Omar Bongo, le bon président du Gabon et fidèle ami de Bakchich tant il permet d’écrire de jolis articles, se révèle être un bon gars. Un homme simple en tout cas, qui ne goûte guère que l’on touche à son petit chez soi. Un « home sweet home » un peu particulier dans le cas du doyen des chefs d’Etat africain puisque Papa Bongo possède une flopée de jolis baraques à Paris. Autant de perles de l’immobilier haussmanien que titillent depuis des années, de bien vilaines associations.
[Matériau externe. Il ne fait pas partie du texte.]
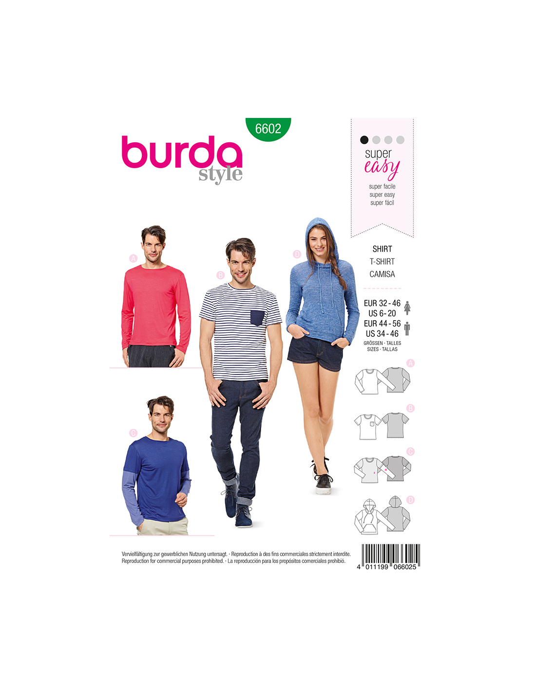 Burda symönster 6602 - Tröja Unisex - Strl Dam 32-46 Herr 44-56

Notamment Sherpa, de l’inusable et inaltérable William Bourdon (redoutable avocat de Bakchich) et plus récemment de Transparency international France.

Après une première plainte et une enquête préliminaire pour détournement de fonds publics qui n’avait pas débouché (mais qui avait donné lieu à de jolies révélations), Omar Bongo a vu débouler une plainte avec constitution de partie civile contre son auguste personne pour recel de détournements de fonds publics, le 2 décembre dernier.

Et le malheureux qui se fait déjà beaucoup de mouron pour sa succession de s’emballer dans une colère noire. Comme à l’accoutumée, une nuée de petits et grands intermédiaires ont frappé à sa porte pour le rassurer. « Papa, je vais régler le problème j’ai juste besoin de XXXX euros ».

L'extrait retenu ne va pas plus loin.